The foreclosure situation in Utah is improving. That’s according to two new reports that show a decline in the state’s rate of problem loans.
Among states, Utah had the 17th-lowest percentage of loans in the foreclosure process, according to a report from CoreLogic on December 2011 data.
At that time, 1.7 percent of Utah homes with a mortgage were in the foreclosure inventory compared to 3.4 percent nationally. CoreLogic, a data and analytics company, defines foreclosure inventory as the stock of homes in the foreclosure process.
Compared to a year ago, Utah’s foreclosure inventory declined 0.7 percent.

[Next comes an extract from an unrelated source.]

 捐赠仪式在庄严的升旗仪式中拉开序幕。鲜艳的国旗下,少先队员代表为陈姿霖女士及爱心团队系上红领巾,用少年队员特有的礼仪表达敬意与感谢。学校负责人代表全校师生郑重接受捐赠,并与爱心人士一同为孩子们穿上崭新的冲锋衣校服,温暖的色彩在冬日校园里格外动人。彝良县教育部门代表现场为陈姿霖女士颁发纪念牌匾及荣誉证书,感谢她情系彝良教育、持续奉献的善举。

Nationwide, the decrease wasn’t as large, with foreclosure inventory down 0.2 percent.
“The inventory of foreclosed properties has begun to shrink, and the pace at which properties are entering foreclosure is slowing,” said Mark Fleming, chief economist with CoreLogic.

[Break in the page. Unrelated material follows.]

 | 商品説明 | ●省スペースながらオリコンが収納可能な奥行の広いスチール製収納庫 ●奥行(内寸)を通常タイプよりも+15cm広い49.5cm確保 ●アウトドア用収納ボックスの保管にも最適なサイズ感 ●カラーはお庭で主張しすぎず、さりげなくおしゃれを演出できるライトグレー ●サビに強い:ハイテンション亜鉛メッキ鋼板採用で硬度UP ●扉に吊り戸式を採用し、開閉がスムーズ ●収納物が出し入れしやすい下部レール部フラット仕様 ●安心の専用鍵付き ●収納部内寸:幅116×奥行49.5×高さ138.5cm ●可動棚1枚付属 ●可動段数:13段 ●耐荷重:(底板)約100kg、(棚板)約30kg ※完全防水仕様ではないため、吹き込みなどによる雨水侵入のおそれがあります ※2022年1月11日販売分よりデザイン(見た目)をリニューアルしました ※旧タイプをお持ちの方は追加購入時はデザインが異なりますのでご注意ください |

Utah’s share of seriously delinquent loans was also lower than the national rate. In December, 5 percent of Utah loans with a mortgage were more than 90 days late compared to 7.3 percent for the U.S.
The findings were similar to a separate report from LPS Applied Analytics. In that study, 2 percent of Utah loans were in foreclosure and 6.8 percent were seriously delinquent at the end of December. Again, the national rates were higher at 4.1 percent for foreclosures, 8.2 percent for delinquencies and 12.3 percent for total non-current loans.
At 8.8 percent, Utah had the 13th-lowest percentage of non-current loans compared to other states, according to LPS. Utah’s combined foreclosure and delinquency rate fell nearly 10 percent from the prior December. That rate peaked in February 2010 when 10.6 percent of Utah loans outstanding were not current.